I moved to Florida from Georgia when I was 19, and a few months later started working as a CNA at a nursing home. I learned lot of life lessons at that nursing home. One of the most important lessons: Florida is a right-to-work state.
Which means that an employee can be terminated at will. Being young and naive, I didn't know that the term "at will" meant I could be fired for my sexual orientation.
Fast forward a few years, and I was a new nurse who loved patient care so much that I took the cases no one else wanted. One of them was wound care for a 12-year-old girl with Epidermolysis Bullosa. Her whole body was a wound. The dressing change could take from two to four hours; longer if the tween was in pain or just wanted to watch Hannah Montana or The Suite Life of Zack and Cody more than she wanted to have her wounds dressed.
I was doing the care visits in the girl's home at night. When they ran longer than usual, which often happened, my wife, like any good spouse, would occasionally get worried and call me to make sure that I was OK. One night, while I was doing the dressing changes, she called and asked how long I'd be. I told her. She said I love you; I replied I love you, too, and we hung up. From this exchange the tween surmised that I was a lesbian and told her mom her speculations. The next day the administrator from my job called and told me that I was being fired for telling the patient that I was gay. Which I had never done. She recommended that in the future I not share my personal life with my patients.

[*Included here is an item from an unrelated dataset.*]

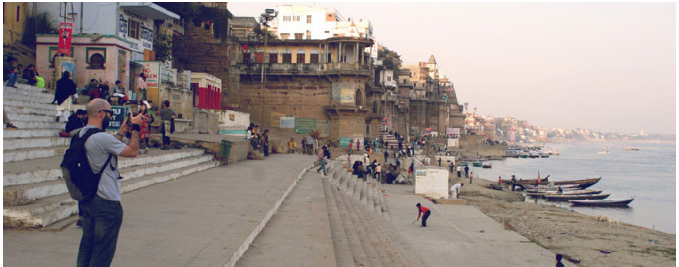
People clicking pictures.

A few days later the staffing coordinator called to tell me that I should fight for my job, telling me that the family wanted me back, that I was the best nurse they'd had up until that point patient, respectful and caring. The mom hadn't called to complain, but to gossip because she couldn't believe that I was gay.
I declined. I was too depressed. Too shocked. I had never been fired from a job before. I didn't know that you could be fired for your sexual orientation, and it really depressed me for a while until I realized that this too was a life lesson. I now have a really good position at a nursing home and am out to all of my patients and families. They often inquire about my wife and son. No one has voiced any disapproval and everyone seems to be pretty understanding. However, I'm young and may not be there forever. If I do switch jobs, I hope never again to experience the injustice of losing a job simply for being gay.